If the Link header does not begin with "<", or "<" isn't followed by ">" it's considered malformed and unparseable - in which case a Nitlink::MalformedLinkHeaderError is thrown. If response is an instance of a class which Nitlink doesn't know how to handle (e.g. from an unsupported third-party client) a Nitlink::UnknownResponseTypeError is thrown.

Nitlink::LinkCollection

An extension of Array with additional convenience methods for handling links based on their relation type.

#by_rel(relation_type) => Nitlink::Link or nil

Accepts the following argument:

  • relation_type (required, String or Symbol) - a single relation type which the returned link should represent (e.g. by_rel('terms-of-service') would find a link pointing to legal terms).

Returns a single Nitlink::Link object whose relation_type attribute matches the relation type provided, or nil if the collection doesn't contain a matching link. If two links exist which match the provided relation type (this should never happen in practice), the first matching link in the collection is returned.

Raises an ArgumentError if the relation_type is blank.
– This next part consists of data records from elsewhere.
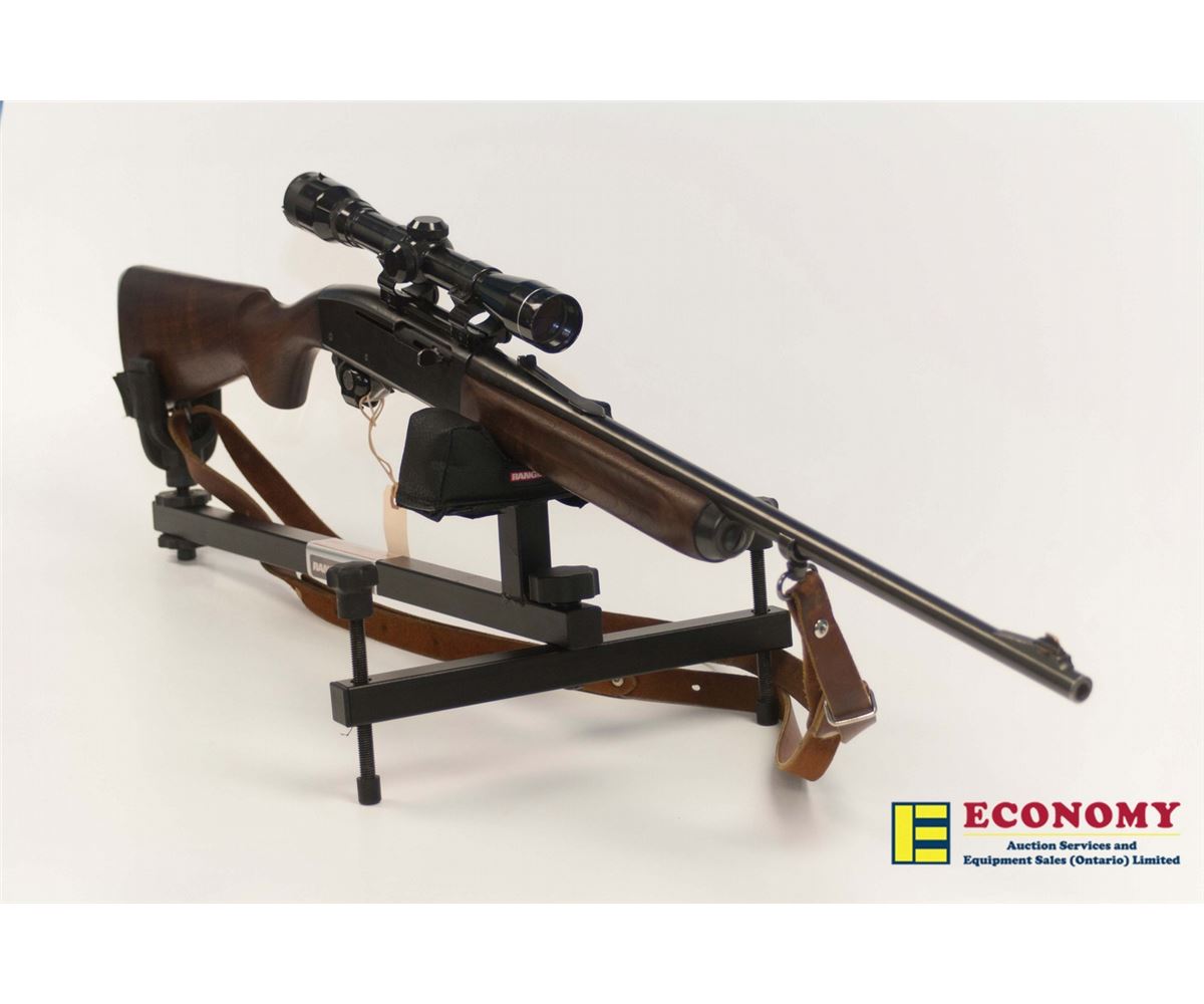 Remington 740 Woodsmaster Rifle (Non-Restricted) Semi-Auto, it has a 28" barrel, 308 win. The wood is cracked behind the receiver, the bore is in very good condition, bluing is slightly worn from carrying, comes with a Tasco 4x32 scope and attached leather sling. SN: 138629
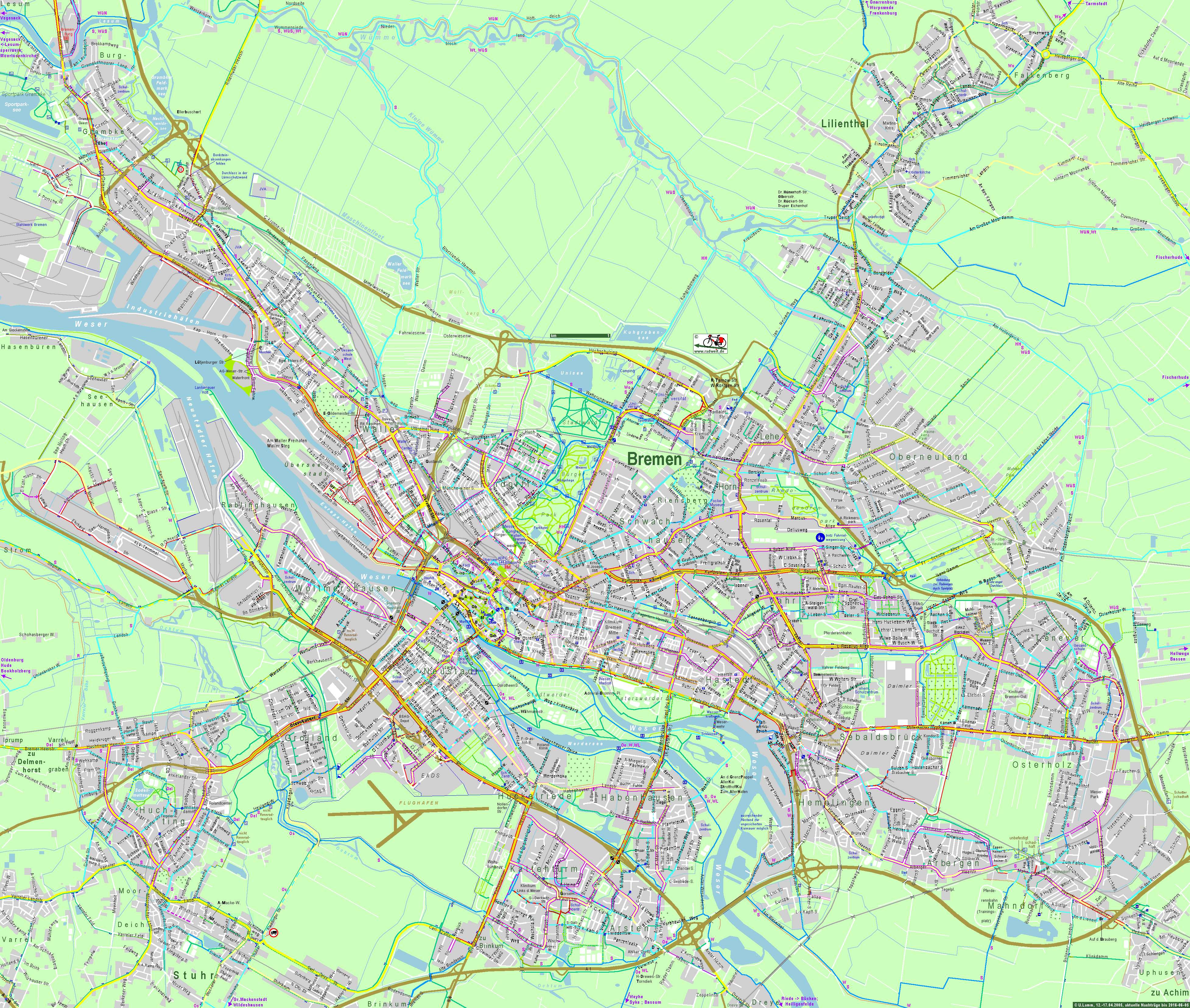 Inhalt und Beschränkung dieses Radverkehrsstadtplans: Dieser Stadtplan enthält nicht die Namen aller Nebenstraßen, keine Fahrradläden und nur wenige touristische Hinweise. Als Radverkehrsstadtplan konzentriert er sich auf Routenempfehlungen und auf Status und Qualitä,t der Radwege Straßen, straßenbegleitende Radwege, straßenunabhängige Radwege Die Einteilung der Radwege im vorliegenden Fahrradstadtplan von Bremen orientiert sich weitgehend an den ADFC-Empfehlungen für Fahrradstadtpläne. Obwohl die Zahl der Streckensignaturen an die Grenzen des Möglichen stößt, bleiben einige Wünsche offen: Was sind gute Radwege, was schlechte? Nur wenige Radwege in Bremen sind breit, gerade und so eben wie die Fahrbahn daneben. Nur wenige Radwege in Bremen erzwingen eine Fahrgeschwindigkeit unter 15 km/h. Das große Mittelfeld nervt mal mehr, mal vergisst man, dass es auch besser geht. Wo sich die Qualität mit dem Zentimetermaß bestimmen lässt ist es noch einfach. Bei Verschwenkungen und Verschleiß ist dei Grenze schwerer festzulegen. Welcher Art sind die Mängel? Je nach Fahrstil, Verkehrssituation, Witterung usw. interessieren unterschiedliche Qualitäten von Radwegen über die Wahl der Route und, nachdem ein großer Teil der blauen Schilder verschwunden ist, über die Wahl zwischen Radweg und Fahrbahn. So mancher Radweg ist eben aber viel zu schmal, breit aber schadhaft usw. . Ist die Oberfläche wasserfest oder Witterungsanfällig? Oder der Radweg selber ist ausreichend, aber der Gehweg daneben fasst den zahlreichen Fußgängerverkehr nicht. Oder der Radweg wird regelmäßig beparkt. Mehr Logos könnten da Aufschluss geben, würden aber die Geografie des Netzes unkenntlich machen. Die Darstellung von Verkehsregelungen wird erschwert, wo die Beschilderung unsystematisch ist. Radwegebenutzungspflicht: Dieser Fahrradstadtplan unterscheidet benutzungspflichtige Radwege (Pflichtradwege) und nicht benutzungspflichtige (freie Radwege). Er unterscheidet zwischen kombinierte Geh-und-Radwege (benutzungspflichtig) und solchen Gehwege, die laut Zusatzzeichen auch Radfahrer benutzen dürfen, so sie unbedingt wollen. Zurzeit sind in Bremen eigendlich nur die besten und ein Teil der schlechtesten Radwege benutzungspflichtig. Bei dem großen Anteil freier (StVO: anderer) Radwege wären eigentlich auch Besonderheiten der Fahrbahnen darzustellen, z.B. einspurige Richtungsfahrbahnen, auf denen man sich schnell den Zorn der Autofahrer zu zieht, auch wenn das Radfahren auf der Fahrbahn erlaubt ist. Besonders ärgerlich ist in diesem Zusammenhang die noch in Bau befindliche Daniel-Jacobs-Allee in Borgfeld West, Wohnsammelstraße ohne Straßenbahn, 30 km/h aber keine Tempo-30-Zone, freie Radwege, einspurige Fahrbahnen, durchgehende Mittelinsel. Tempo-30-Zonen: Der größte Teil der Bremer Wohnstraßen sind Tempo-30-Zonen. Die StVO sieht hier Mischverkehr auf der Fahrbahn vor, da sich die Autofahrer den Bedürfnissen der Anwohner unterordnen sollen, während Radwege den Autoverkehr privilegieren würden. In Bremer Tempo-30-Zonen gibt es einen großen Restbestand an Radwegen. Sie sind in diesem Fahrradstadtplan nur dargestellt, wo StVO-widrig eine Benutzungspflicht angeordnet ist. Die Tempo-30-Zonen selber sind ihrer Ausdehnung halber auch nicht dargestellt Das Normale soll man nicht hervorheben. |
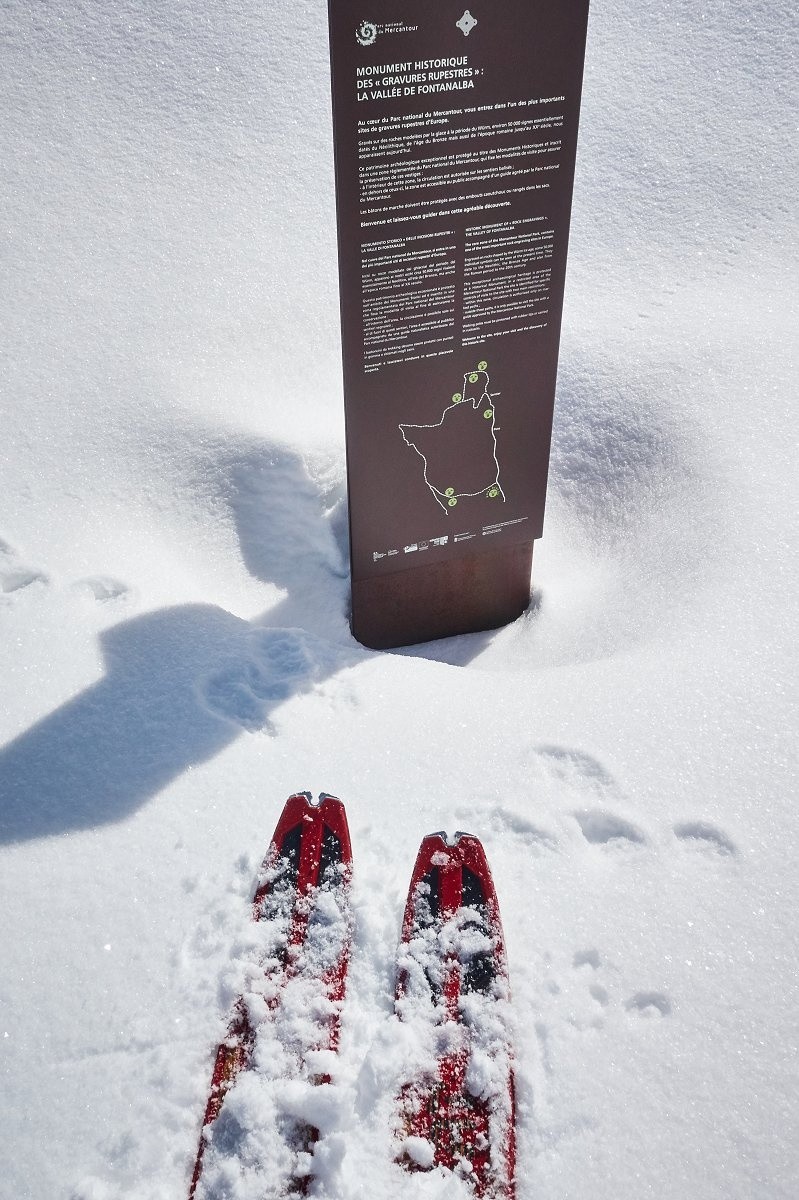 mollo sur les bĂątons de ski car les chiappes (aux nombreuses gravures rupestres remarquables, comme dans le vallon voisin des Merveilles) ne sont pas bien loin sous la neige !
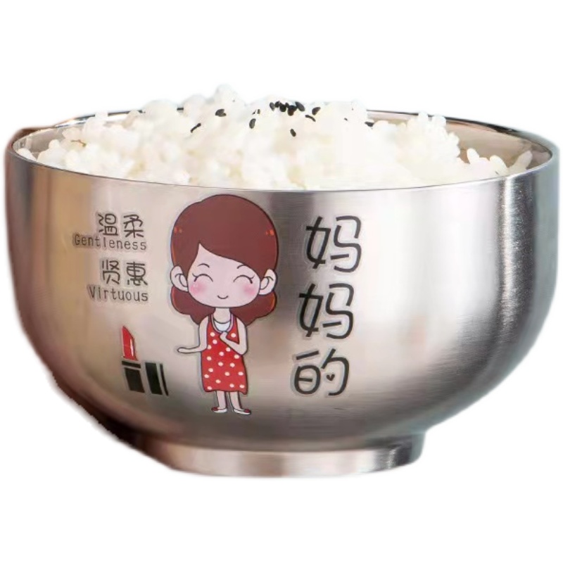 Family card universal 45 mouth 304 stainless steel children baby baby bowl suit for dinner and anti-scalding round bowl

#to_h(options = { with_indifferent_access: true }) => Nitlink::HashWithIndifferentAccess or Hash

Also aliased as to_hash.

Accepts the following arguments:

  • options (optional, Hash) - When options[:with_indifferent_access] is truthy (as it is by default) the method returns a Nitlink::HashWithIndifferentAccess where each key is a relation type and each value is a Nitlink::Link. When options[:with_indifferent_access] is falsy it returns the equivalent Hash with string keys.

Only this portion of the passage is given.